Brench

Brench is a simple benchmark runner to help you measure the impact of optimizations. It can run the same set of benchmarks under multiple treatments, check that they still produce the correct answer, and report their performance under every condition.

Set Up

Brench is a Python tool. There is a brench/ subdirectory in the Bril repository. Get Flit and then type:

$ flit install --symlink --user

Configure

Write a configuration file using TOML. Start with something like this:

extract = 'total_dyn_inst: (\d+)'
benchmarks = '../benchmarks/*.bril'

[runs.baseline]
pipeline = [
    "bril2json",
    "brili -p {args}",
]

[runs.myopt]
pipeline = [
    "bril2json",
    "myopt",
    "brili -p {args}",
]

The global options are:

  • extract: A regular expression to extract the figure of merit from a given run of a given benchmark. The example above gets the simple profiling output from the Bril interpreter in -p mode.
  • benchmarks (optional): A shell glob matching the benchmark files to run. You can also specify the files on the command line (see below).
  • timeout (optional): The timeout of each benchmark run in seconds. Default of 5 seconds.
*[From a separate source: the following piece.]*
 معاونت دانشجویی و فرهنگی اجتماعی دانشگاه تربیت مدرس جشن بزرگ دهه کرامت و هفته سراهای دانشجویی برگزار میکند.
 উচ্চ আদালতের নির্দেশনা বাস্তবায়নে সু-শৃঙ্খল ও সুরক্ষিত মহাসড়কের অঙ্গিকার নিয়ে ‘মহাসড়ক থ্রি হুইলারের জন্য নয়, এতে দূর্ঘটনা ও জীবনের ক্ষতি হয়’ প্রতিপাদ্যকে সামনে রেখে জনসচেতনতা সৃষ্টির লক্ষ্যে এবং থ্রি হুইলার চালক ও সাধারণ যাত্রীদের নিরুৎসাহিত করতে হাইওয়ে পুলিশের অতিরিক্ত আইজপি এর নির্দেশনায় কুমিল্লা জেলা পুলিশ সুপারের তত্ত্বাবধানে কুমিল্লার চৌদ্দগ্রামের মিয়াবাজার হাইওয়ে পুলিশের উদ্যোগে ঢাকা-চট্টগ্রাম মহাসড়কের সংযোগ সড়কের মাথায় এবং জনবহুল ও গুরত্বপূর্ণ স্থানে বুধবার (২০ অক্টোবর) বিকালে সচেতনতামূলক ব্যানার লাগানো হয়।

Then, define an map of runs, which are the different treatments you want to give to each benchmark. Each one needs a pipeline, which is a list of shell commands to run in a pipelined fashion on the benchmark file, which Brench will send to the first command’s standard input. The first run constitutes the “golden” output; subsequent runs will need to match this output.

Run

Just give Brench your config file and it will give you results as a CSV:

$ brench example.toml > results.csv

You can also specify a list of files after the configuration file to run a specified list of benchmarks, ignoring the pre-configured glob in the configuration file.
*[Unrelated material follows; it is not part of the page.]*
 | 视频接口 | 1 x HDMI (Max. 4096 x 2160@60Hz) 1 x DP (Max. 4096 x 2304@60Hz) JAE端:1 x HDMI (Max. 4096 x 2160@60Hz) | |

The command has only one command-line option:

  • --jobs or -j: The number of parallel jobs to run. Set to 1 to run everything sequentially. By default, Brench tries to guess an adequate number of threads to fill up your machine.

The output CSV has three columns: benchmark, run, and result. The latter is the value extracted from the run’s standard output and standard error using the extract regular expression or one of these three status indicators:

  • incorrect: The output did not match the “golden” output (from the first run).
  • timeout: Execution took too long.
  • missing: The extract regex did not match in the final pipeline stage’s standard output or standard error.